● **What this task involves**
Print exactly, and only, the lines from the one that has "Untuk mendeteksi dan" through the end of the material below, with both ends included and the pictures omitted.

● **Information shown**
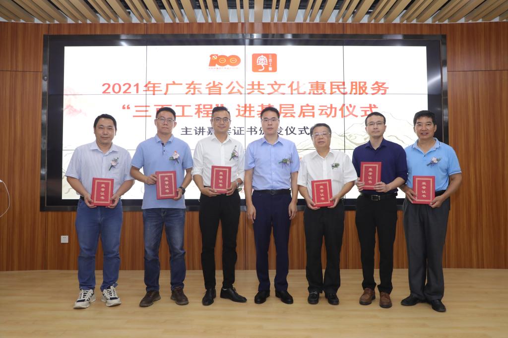 仪式最后,鼎顶展览有限公司总经理刘刚为2021年开展公共文化惠民“三百工程”进基层的授课专家刘生华教授、中山大学历史学系副教授柯伟明、广州市公安局荔湾区分局一级警长刘少廷等专家代表颁发了证书,并合影留念。
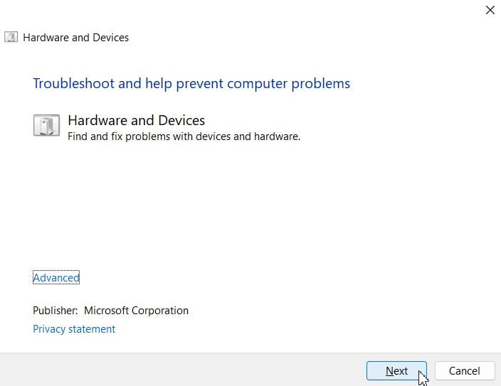 Untuk mendeteksi dan memecahkan masalah yang terkait dengan perangkat keras dan perangkat periferal lain yang terpasang ke komputer, Windows telah menyediakan pemecah masalah bawaan. Hal ini dapat secara otomatis memperbaiki masalah atau setidaknya menyarankan apa yang dapat dilakukan lebih lanjut.
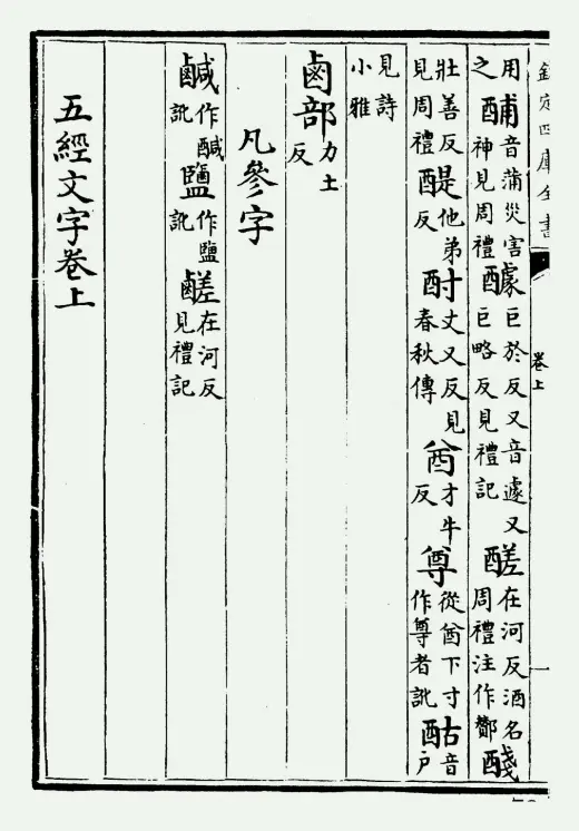 《五经文字》是唐代张参编纂的汉字字形研究著作,成书于大历十一年(776年),收录3235字,按偏旁部首分为160部,涵盖《周易》《尚书》等五经及《论语》《尔雅》中的文字,旨在规范经传文献中的楷书形体。书中采用反切注音,参考《说文解字》《字林》等典籍校订字形,对形近字、异体字进行辨析,确立了经书文字的标准写法。

● **Exercise output**
 Untuk mendeteksi dan memecahkan masalah yang terkait dengan perangkat keras dan perangkat periferal lain yang terpasang ke komputer, Windows telah menyediakan pemecah masalah bawaan. Hal ini dapat secara otomatis memperbaiki masalah atau setidaknya menyarankan apa yang dapat dilakukan lebih lanjut.
 《五经文字》是唐代张参编纂的汉字字形研究著作,成书于大历十一年(776年),收录3235字,按偏旁部首分为160部,涵盖《周易》《尚书》等五经及《论语》《尔雅》中的文字,旨在规范经传文献中的楷书形体。书中采用反切注音,参考《说文解字》《字林》等典籍校订字形,对形近字、异体字进行辨析,确立了经书文字的标准写法。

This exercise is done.